Promised Emission Cuts Still Insufficient, Experts Say
Oslo. Nations accounting for most of the world’s greenhouse gas emissions have restated their promises to fight climate change, meeting a Sunday deadline in a low-key endorsement of December’s “Copenhagen Accord”.
Experts say their promised curbs on greenhouse gas emissions by 2020 are too small to meet the accord’s key goal of limiting global warming to less than 2 degrees Celsius above pre-industrial times.
The UN Climate Change Secretariat plans to publish a list of submissions on Monday. That may put pressure on all capitals to keep their promises.
Countries accounting for at least two-thirds of emissions — led by China, the United States and the European Union — have all written in.
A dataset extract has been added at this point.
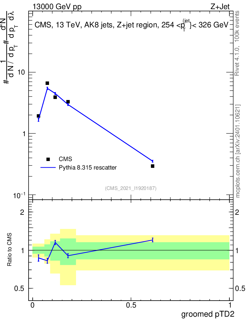 Lines: data, pythia8 8.315 rescatter |

Smaller emitters, from the Philippines to Mali, have also sent promises or asked to be associated with the deal.
“Most of the industrialized countries’ promises are in the ‘inadequate’ category,” said Niklas Hoehne, director of energy and climate policy at climate consultant Ecofys, which assesses how far national commitments will help limit climate change.
“The US is not enough, the European Union is not enough.
For the major developed countries it’s still far behind what is expected, except for Japan and Norway,” he said.
Some developing nations, such as Brazil or Mexico, were making relatively greater efforts, he said.
The accord’s goal of limiting warming to below 2 C — meant to help limit floods, droughts, wildfires and rising seas — is twinned with promises of $28 billion in aid for developing nations from 2010-12, rising to $100 billion a year from 2020.
Ecofys reckons that the promised curbs will set the world towards a 3.5 degrees Celsius rise in temperatures, not 2.